#### Your task
The whole listing is to be restated word for word with no images.

#### Data shown
##############################

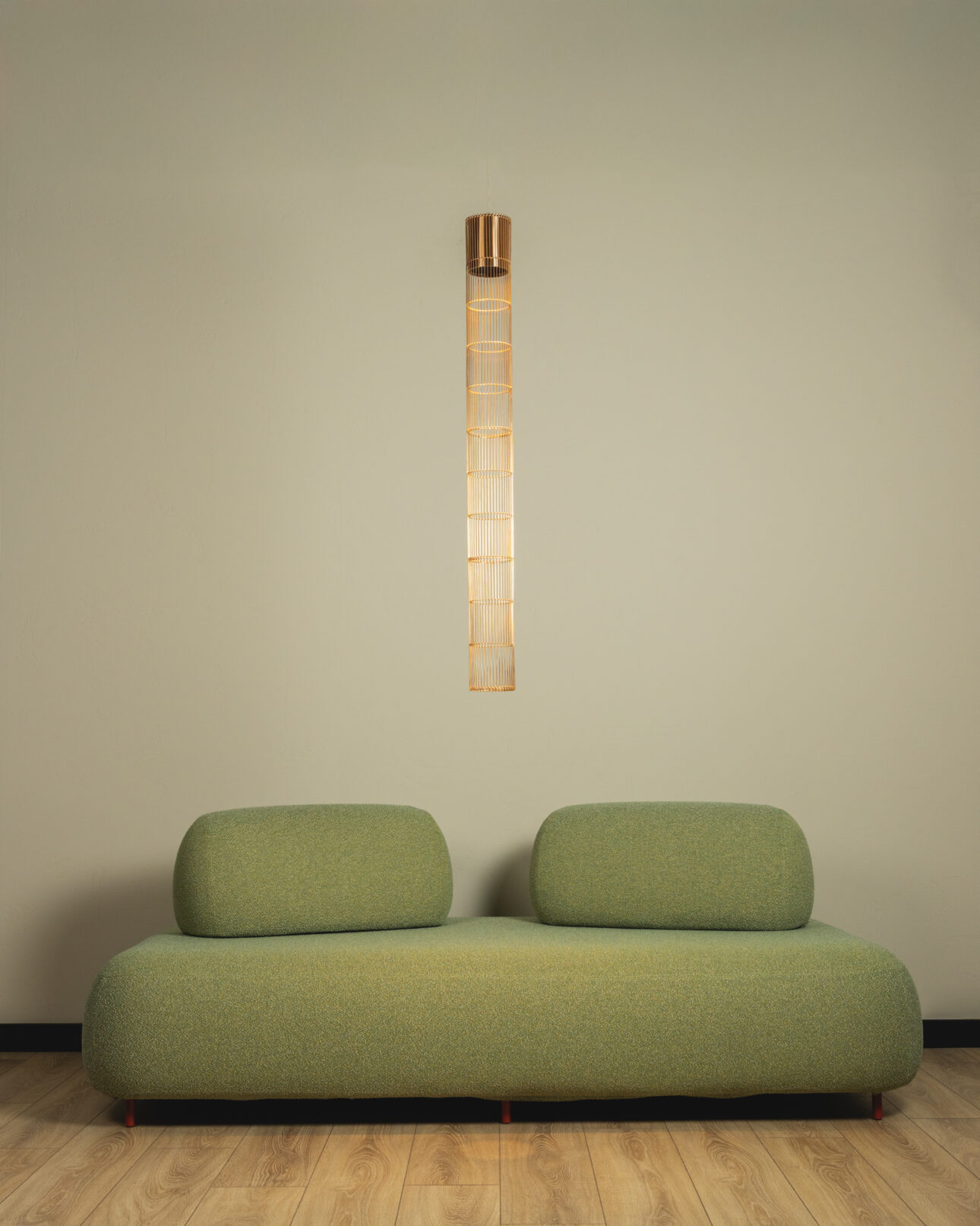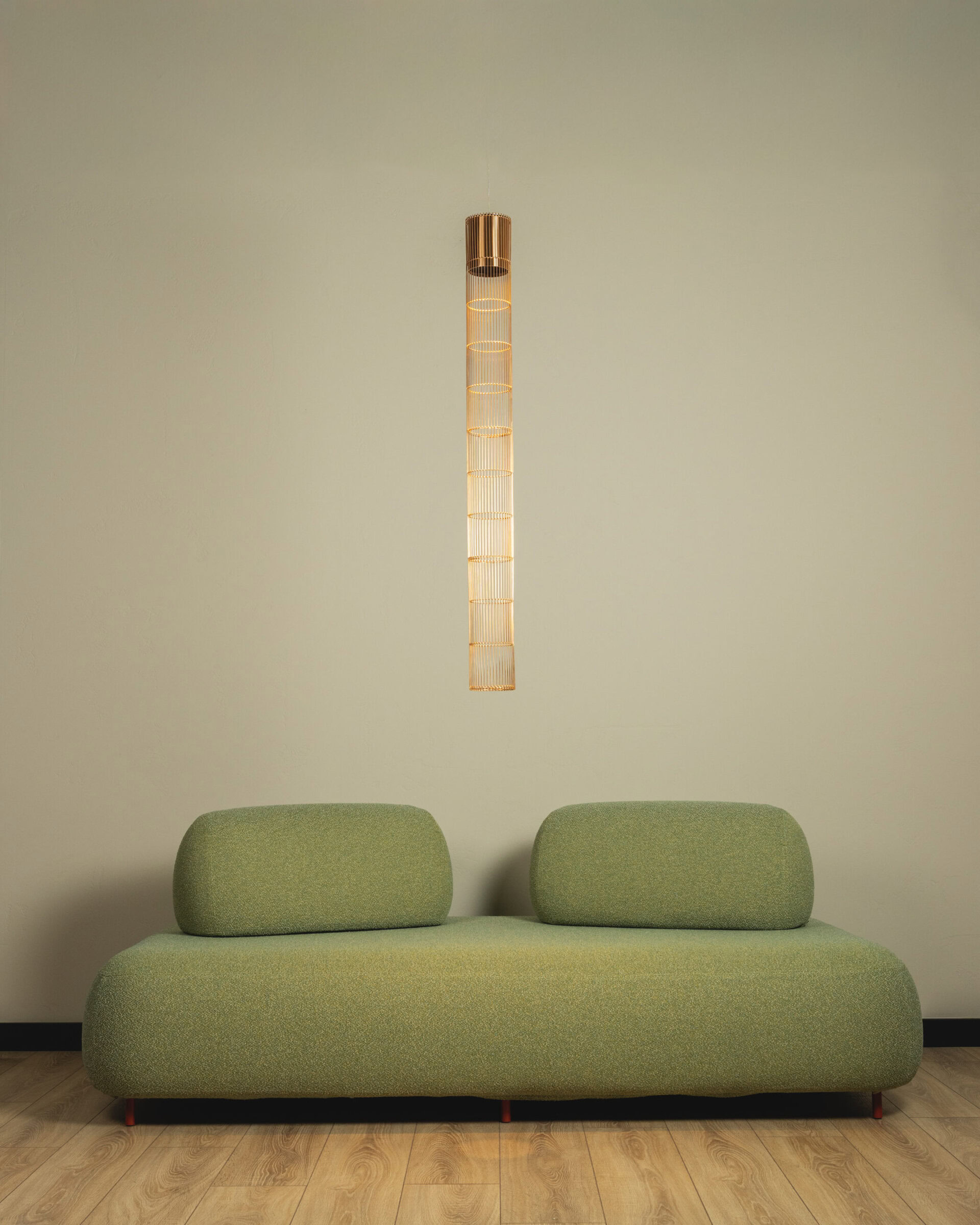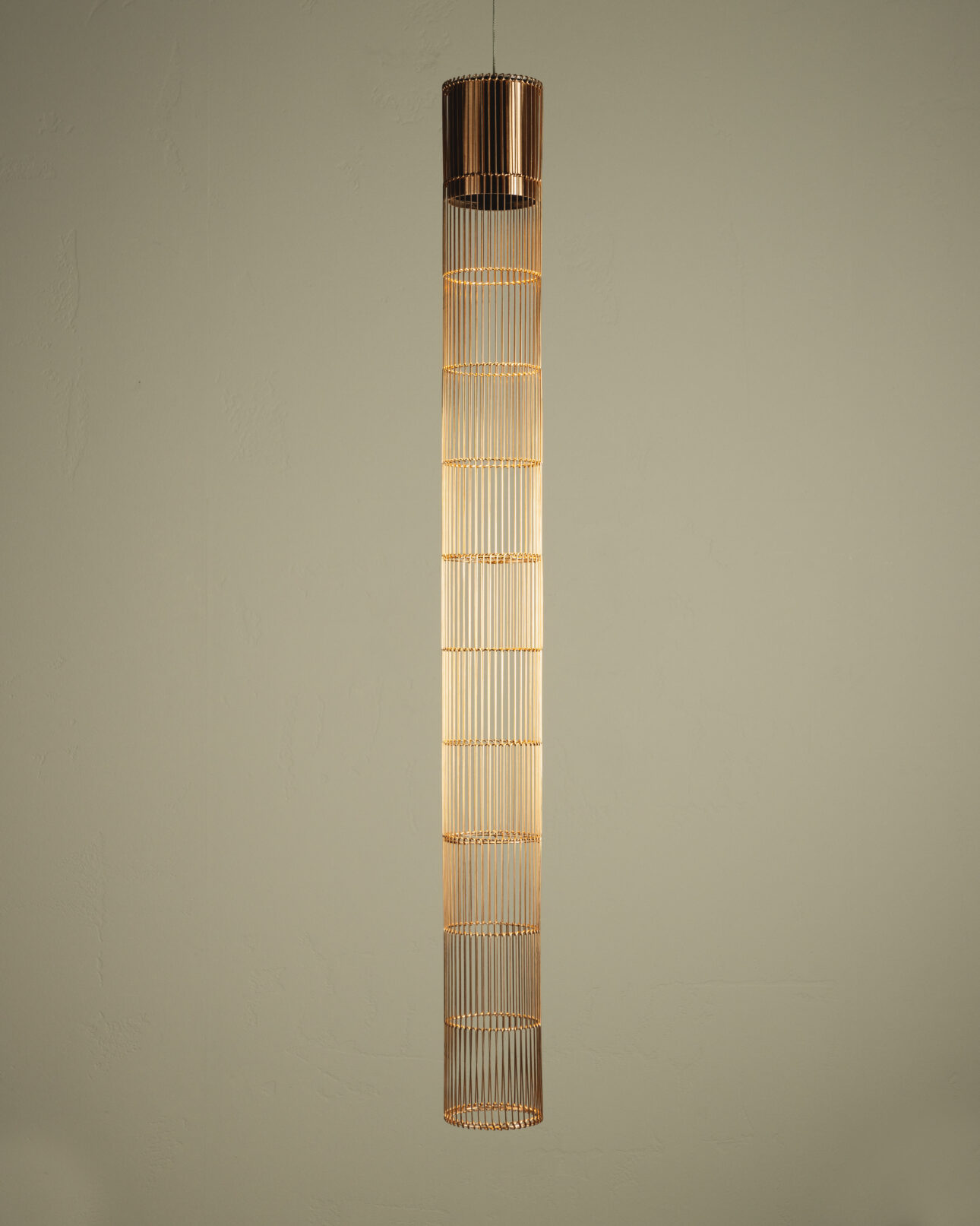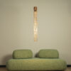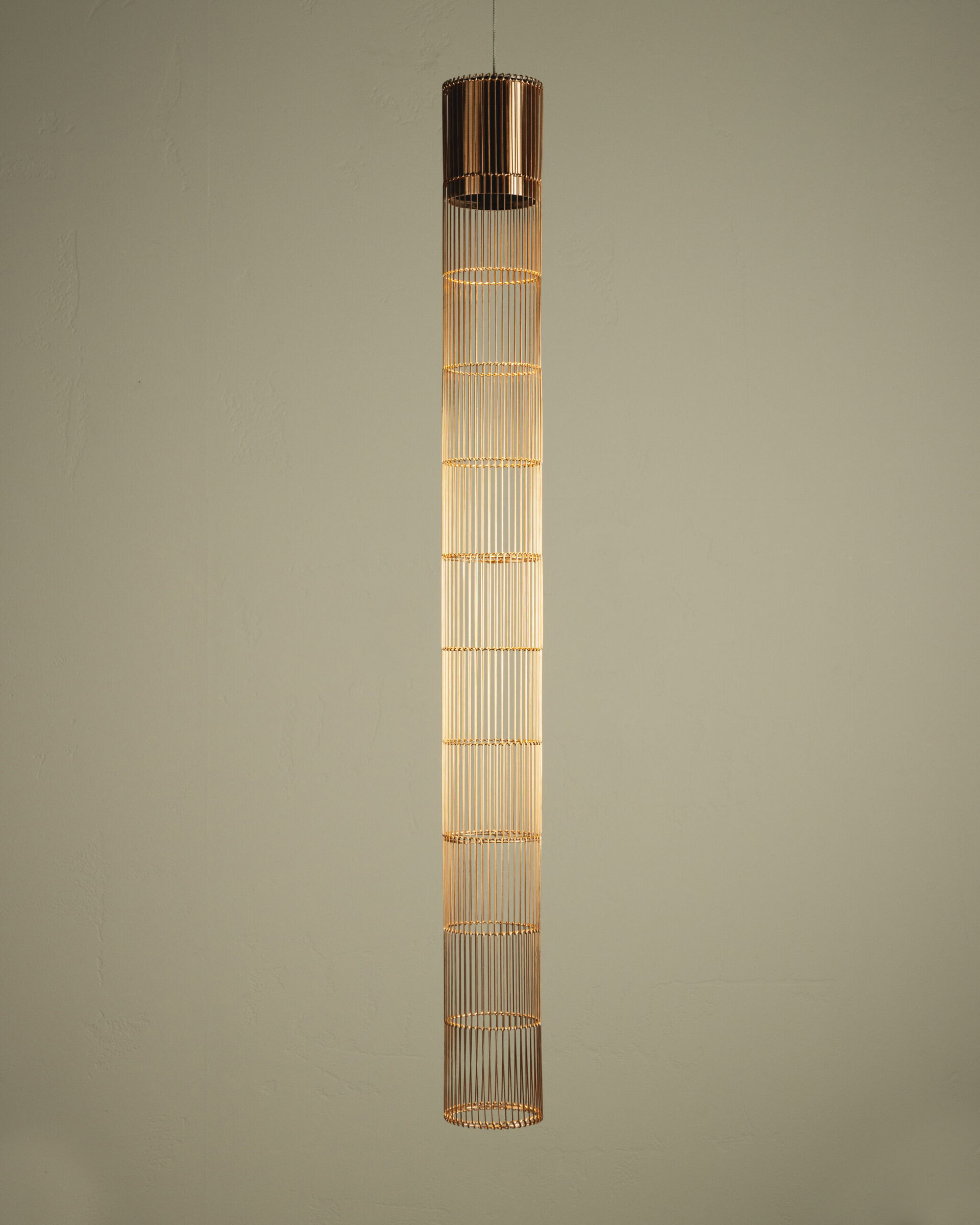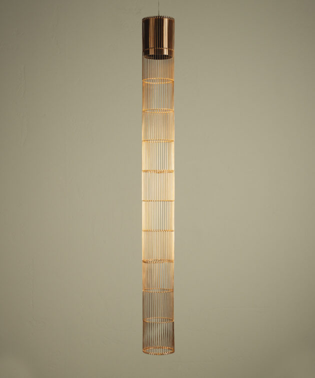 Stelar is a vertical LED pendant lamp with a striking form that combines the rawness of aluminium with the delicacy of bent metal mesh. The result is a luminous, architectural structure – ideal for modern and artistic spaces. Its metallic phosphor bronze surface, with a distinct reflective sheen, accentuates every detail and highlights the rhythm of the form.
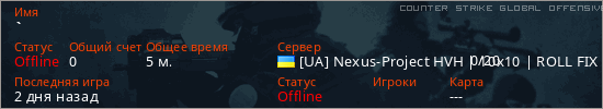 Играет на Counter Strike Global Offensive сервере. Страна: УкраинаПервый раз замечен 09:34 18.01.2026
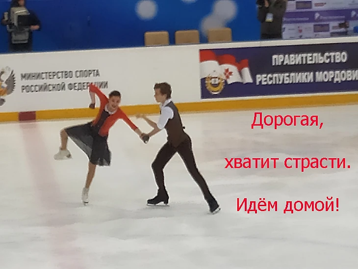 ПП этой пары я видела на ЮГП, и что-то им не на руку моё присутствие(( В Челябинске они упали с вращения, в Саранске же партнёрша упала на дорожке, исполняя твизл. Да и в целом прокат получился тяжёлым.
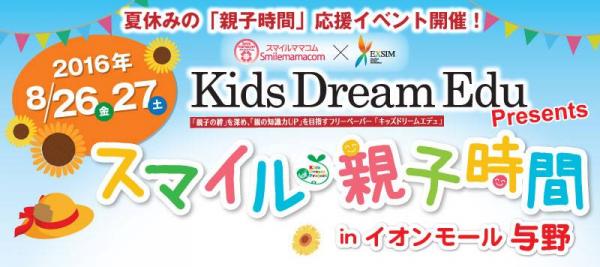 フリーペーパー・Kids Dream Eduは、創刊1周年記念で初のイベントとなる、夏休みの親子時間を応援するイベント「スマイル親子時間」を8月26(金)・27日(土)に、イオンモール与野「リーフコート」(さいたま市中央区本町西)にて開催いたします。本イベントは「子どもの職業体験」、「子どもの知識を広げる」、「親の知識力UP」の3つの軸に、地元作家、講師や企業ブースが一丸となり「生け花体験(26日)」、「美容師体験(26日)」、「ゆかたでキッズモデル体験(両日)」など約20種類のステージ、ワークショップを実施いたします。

##############################

#### Task result
 Stelar is a vertical LED pendant lamp with a striking form that combines the rawness of aluminium with the delicacy of bent metal mesh. The result is a luminous, architectural structure – ideal for modern and artistic spaces. Its metallic phosphor bronze surface, with a distinct reflective sheen, accentuates every detail and highlights the rhythm of the form.
 Играет на Counter Strike Global Offensive сервере. Страна: УкраинаПервый раз замечен 09:34 18.01.2026
 ПП этой пары я видела на ЮГП, и что-то им не на руку моё присутствие(( В Челябинске они упали с вращения, в Саранске же партнёрша упала на дорожке, исполняя твизл. Да и в целом прокат получился тяжёлым.
 フリーペーパー・Kids Dream Eduは、創刊1周年記念で初のイベントとなる、夏休みの親子時間を応援するイベント「スマイル親子時間」を8月26(金)・27日(土)に、イオンモール与野「リーフコート」(さいたま市中央区本町西)にて開催いたします。本イベントは「子どもの職業体験」、「子どもの知識を広げる」、「親の知識力UP」の3つの軸に、地元作家、講師や企業ブースが一丸となり「生け花体験(26日)」、「美容師体験(26日)」、「ゆかたでキッズモデル体験(両日)」など約20種類のステージ、ワークショップを実施いたします。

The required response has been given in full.